Le Tribunal Administratif de Grenoble, statuant par ordonnance, a donné acte du désistement du requérant dans le cadre d'un recours en excès de pouvoir contre le refus de renouvellement d'un titre de séjour « Talent-salarié qualifié ». Le tribunal a constaté que le requérant, mis en demeure de confirmer le maintien de ses conclusions, n'avait pas répondu dans le délai imparti. Il a donc appliqué les articles R. 612-5-1 et R. 611-8-6 du code de justice administrative pour prononcer ce désistement d'office, mettant ainsi fin à l'instance sans examen du fond.
Texte intégral
Vu la procédure suivante :
Par une requête enregistrée le 31 mars 2025, M. B... A... représenté par Me Aboudahab, demande au tribunal :
1°) d’annuler la décision du 31 janvier 2025 par laquelle la préfète de l'Isère a cloturé son dossier de demande de renouvellement de son titre de séjour;
2°) d’enjoindre à la préfète de l’Isère de lui délivrer un titre de séjour « Talent-salarié qualifié » dans un délai d’un mois;
3°) de mettre à la charge de l’Etat la somme de 2 000 euros au titre des frais exposés et non compris dans les dépens.
Par un mémoire en défense enregistré le 27 mai 2025, la préfète de l’Isère conclut au rejet de la requête.
Par un courrier du 16 janvier 2026, le président de la formation de jugement a informé M. A..., qu’à défaut de réception de la confirmation du maintien de ses conclusions dans le délai d’un mois, il serait réputé s’en être désisté en application des dispositions de l’article R. 612-5-1 du code de justice administrative.
Vu les autres pièces du dossier.
Vu le code de justice administrative.
Considérant ce qui suit :
Le code de justice administrative dispose à son article R. 222-1 que : « Les présidents de tribunal administratif (…) et les présidents de formation de jugement des tribunaux (…) peuvent, par ordonnance : / 1 donner acte des désistements ; (...) » ; à son article R. 612-5-1 que : « Lorsque l'état du dossier permet de s'interroger sur l'intérêt que la requête conserve pour son auteur, le président de la formation de jugement ou, au Conseil d'Etat, le président de la chambre chargée de l'instruction, peut inviter le requérant à confirmer expressément le maintien de ses conclusions. La demande qui lui est adressée mentionne que, à défaut de réception de cette confirmation à l'expiration du délai fixé, qui ne peut être inférieur à un mois, il sera réputé s'être désisté de l'ensemble de ses conclusions. ».

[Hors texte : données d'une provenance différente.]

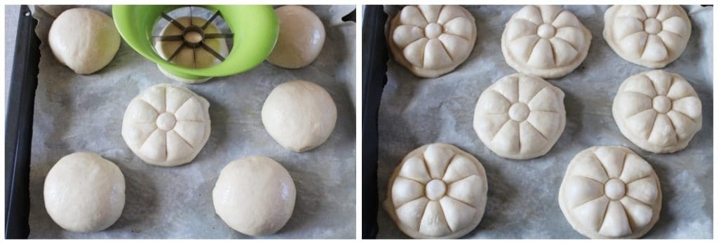 Como decía, la receta es realmente sencilla, al alcance de todos. Después de haber amasado todos los ingredientes en la batidora, dejé que la masa fermentara hasta que duplicó su volumen. Luego, la dividí en bollitos de unos 125 g que dejé fermentar una hora más. Para darles forma de roseta, poco antes de hornear, utilicé un cortador de manzanas.

Aux termes de l’article R. 611-8-6 du code de justice administrative : « Les parties sont réputées avoir reçu la communication ou la notification à la date de première consultation du document qui leur a été adressé par voie électronique, certifiée par l'accusé de réception délivré par l'application informatique, ou, à défaut de consultation dans un délai de deux jours ouvrés à compter de la date de mise à disposition du document dans l'application, à l'issue de ce délai. Sauf demande contraire de leur part, les parties sont alertées de toute nouvelle communication ou notification par un message électronique envoyé à l'adresse choisie par elles. ».

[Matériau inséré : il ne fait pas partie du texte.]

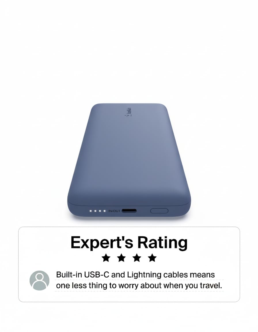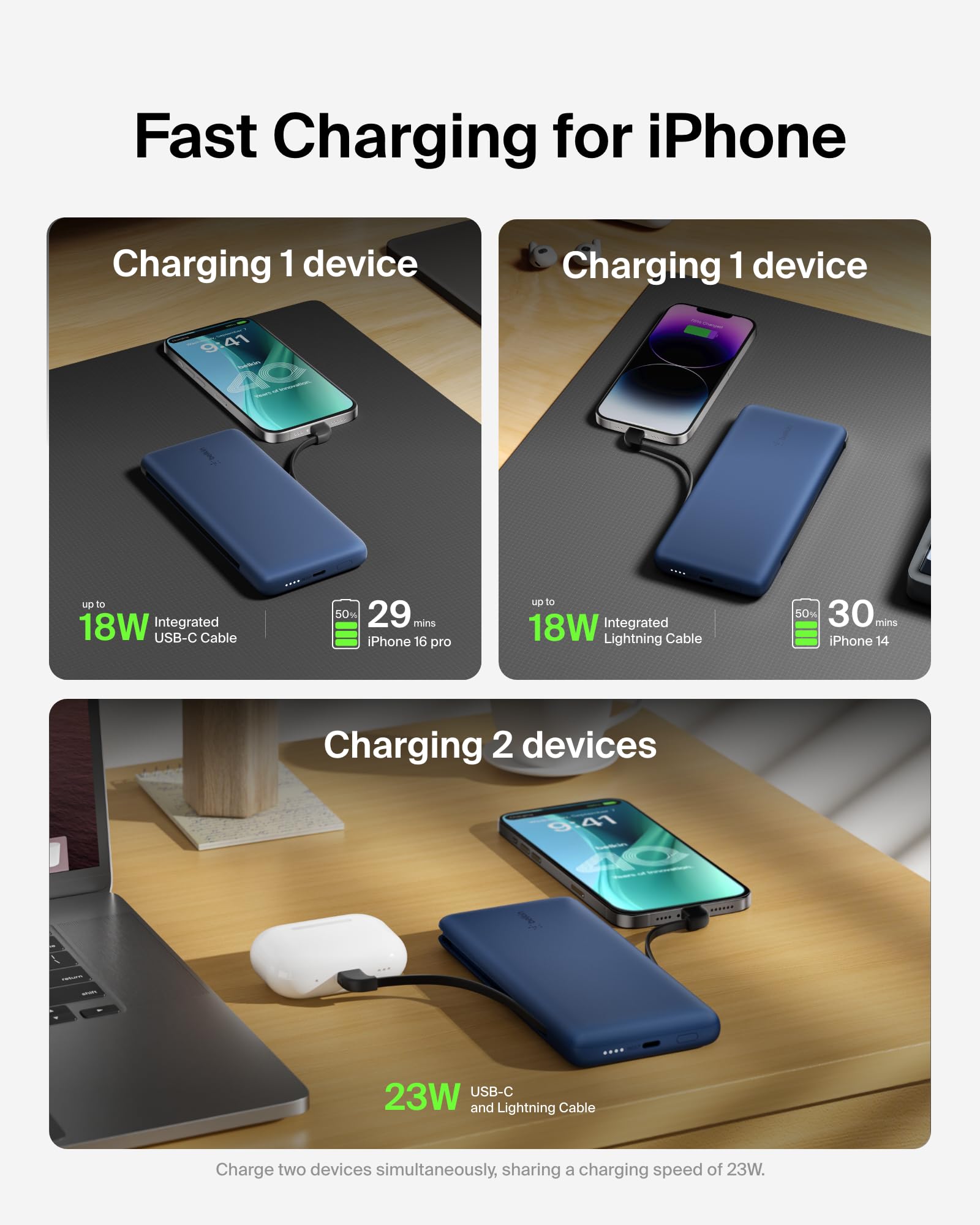 The Belkin BoostCharge Plus Portable Charger Power Bank is the perfect way to charge your smartphones and tablets on-the-go. This 10k mAh portable charger features a built-in lightning cable (MFi) and USB-C cable so you can recharge your devices without having to worry about separate cables. Belkin BoostCharge Plus also supports pass-through charging*, which allows you to charge both your power bank and connected device at the same time with up to 18W. With a super high capacity of 10,000 mAh, the battery pack can keep your devices charged all day. And you will always know when your power bank needs to be charged, with the onboard LED indicator light quickly and easily displaying the battery status of your portable charger. *Pass-through charging of the portable charger is supported when the power bank is above 25% charge. **Maximum additional video playback hours calculated by comparing the mAh capacity of this power bank with the maximum video playback hours achievable by the iPhone 12 under normal conditions. Actual results will vary depending on differing factors for individual users. Specifications: Dimensions: 2.9” x 6.1” x 0.7” Weight: 0.5 lbs. Compatibility: Apple iPhone 17 Series, iPhone 16 Series, iPhone 15 Series, iPhone 14 Series, Samsung Galaxy S25 Series, Galaxy S24 Series, Galaxy S23 Series, Google Pixel, iPad Pro, Tablet, MacBook Pro, and more

3. Il ressort des pièces du dossier que la demande prévue par les dispositions de l’article R. 612-5-1 du code de justice administrative, mentionnée ci-dessus, a été adressée au conseil de M. A... au moyen de l’application Télérecours le 16 janvier 2026. En application de l’article R. 611-8-6 du code de justice administrative, et en l’absence d’accusé de lecture de ce courrier, le requérant est réputé en avoir reçu notification dans le délai de deux jours ouvrés à compter de la date de mise à disposition de ce courrier. Le délai d’un mois imparti à M. A..., pour confirmer expressément le maintien de ses conclusions, étant expiré sans qu’une telle confirmation ne soit intervenue, M. A... est réputé s’être désisté de leur requête. Dès lors, il y a lieu de lui en donner acte.
O R D O N N E :
Article 1er :
Il est donné acte du désistement de la requête de M. A....
Article 2 :
La présente ordonnance sera notifiée à M. B... A..., à Me Aboudahab et à la préfète de l’Isère.
Fait à Grenoble le 3 avril 2026.
Le président de la 1ère chambre,
P. Thierry
La République mande et ordonne à la préfète de l’Isère en ce qui la concerne ou à tous commissaires de justice à ce requis en ce qui concerne les voies de droit commun, contre les parties privées, de pourvoir à l'exécution de la présente décision.